About this task:
Retype, without pictures, the line holding "金頂;金頂海拔2494米,是" and each line below it through the final line.

• • • • •

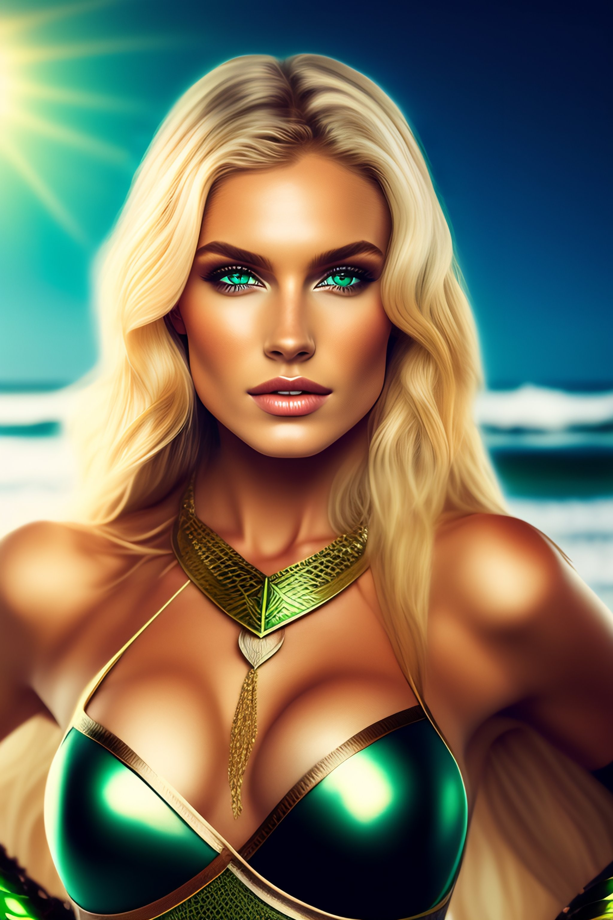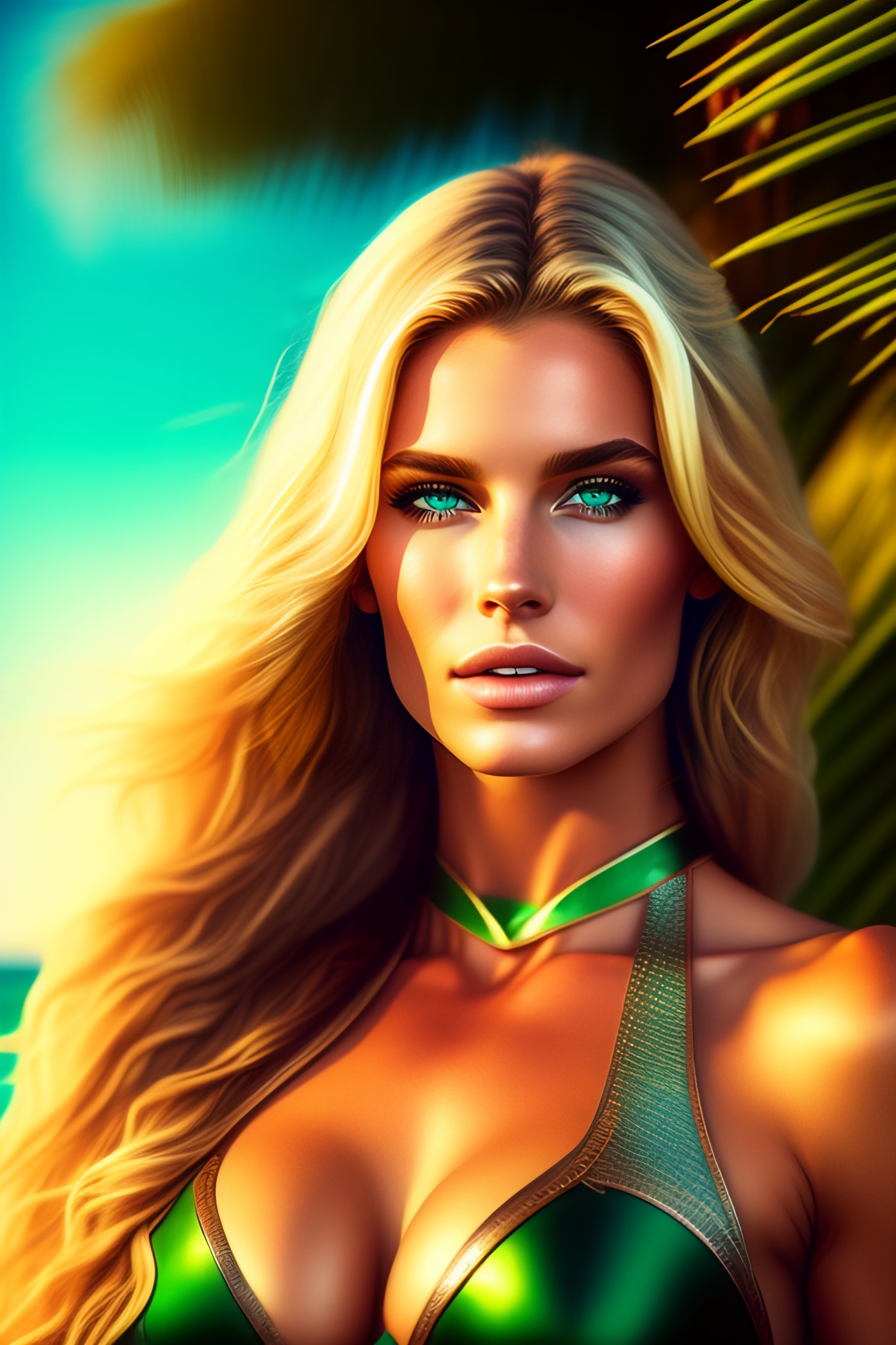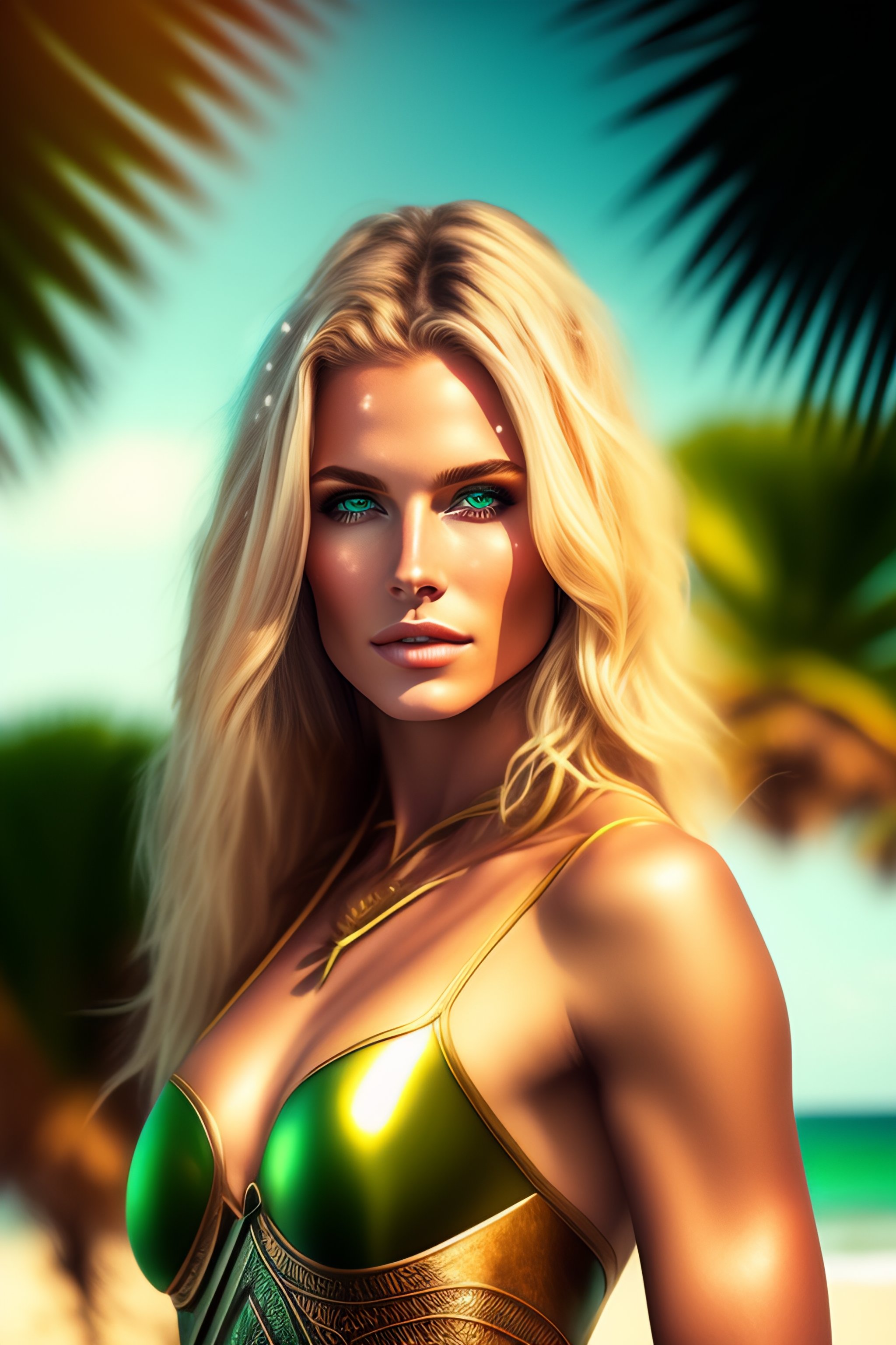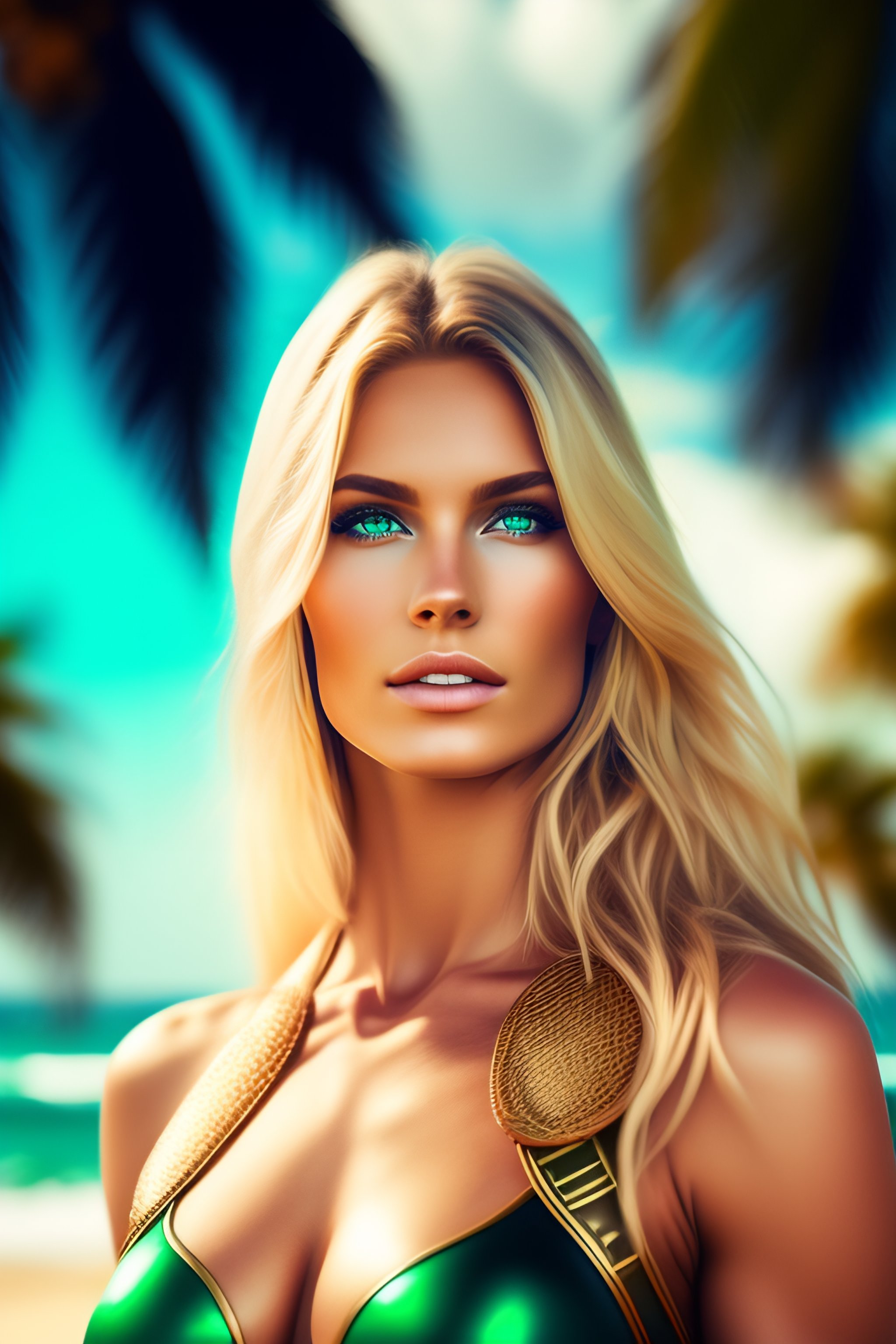 Sexy girl, super hero, beautiful green eyes, skinny, viking girl, viking, | body | real photo : clear background: blonde, beach, palm trees, sun, sand
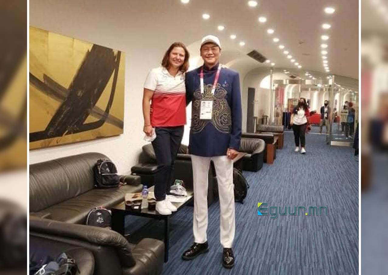 Монголын Биеийн тамир спортын хорооны дарга Ц.Шаравжамц, Францын спортын сайд нар хамт зураг даруулжээ. Та бүхний харж байгаачлан Францын спортын сайд Роксана Марасиняню Ц.Шаравжамцтай зургаа татуулахын тулд ширээн дээр гарч зогссон байна.
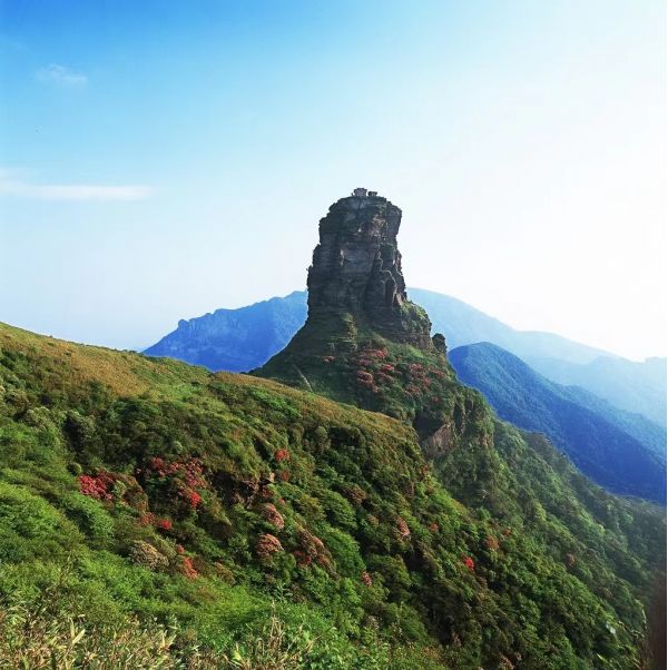 金頂;金頂海拔2494米,是武陵山脈的最高峰。遠眺金頂,恰似農家蒸飯用的甑子,因此黔東一帶諧音把“梵凈山”叫做“飯甑山”。金頂周圍有萬卷書、蘑菇石、老鷹巖、金頂洗手等栩栩如生的奇特景觀,且寺廟甚多。
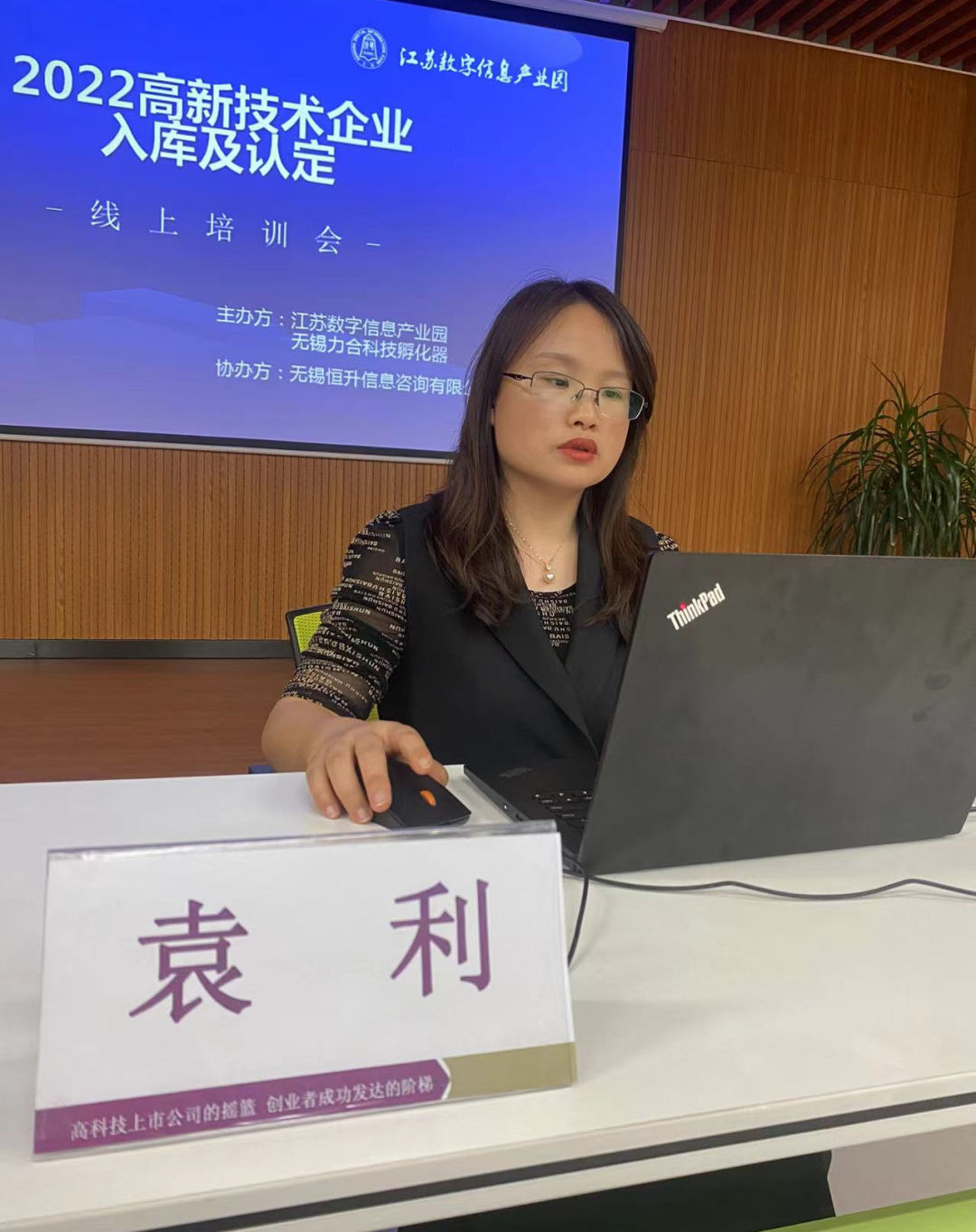為助力企業更好地了解高新技術企業最新政策,掌握申報要求、流程及注意事項,提高通過率,5月19日,江蘇數字信息產業園特邀無錫恒升信息咨詢有限公司總經理袁利來園區舉辦“2022高新技術企業入庫及認定線上培訓會”。
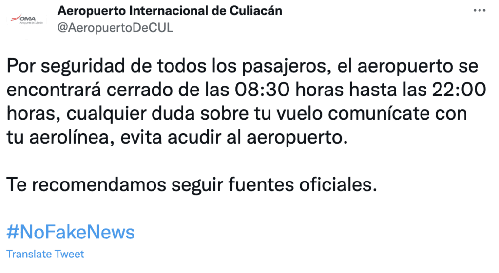 Además el Aeropuerto a través de un comunicado oficial informó que por el día 5 de enero estará cerrado hasta las 10 de la noche con la finalidad de salvaguardar la seguridad de los sinaloenses.
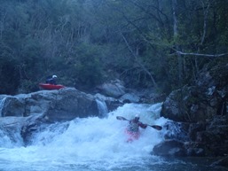 Gorge Rapid (IV+). This is a junky rapid that needed more water, we ran down the far left. The rapid ended in a hole with a shelf on the right that would drop you into the left wall.

• • • • •

Response area:
 金頂;金頂海拔2494米,是武陵山脈的最高峰。遠眺金頂,恰似農家蒸飯用的甑子,因此黔東一帶諧音把“梵凈山”叫做“飯甑山”。金頂周圍有萬卷書、蘑菇石、老鷹巖、金頂洗手等栩栩如生的奇特景觀,且寺廟甚多。
為助力企業更好地了解高新技術企業最新政策,掌握申報要求、流程及注意事項,提高通過率,5月19日,江蘇數字信息產業園特邀無錫恒升信息咨詢有限公司總經理袁利來園區舉辦“2022高新技術企業入庫及認定線上培訓會”。
 Además el Aeropuerto a través de un comunicado oficial informó que por el día 5 de enero estará cerrado hasta las 10 de la noche con la finalidad de salvaguardar la seguridad de los sinaloenses.
 Gorge Rapid (IV+). This is a junky rapid that needed more water, we ran down the far left. The rapid ended in a hole with a shelf on the right that would drop you into the left wall.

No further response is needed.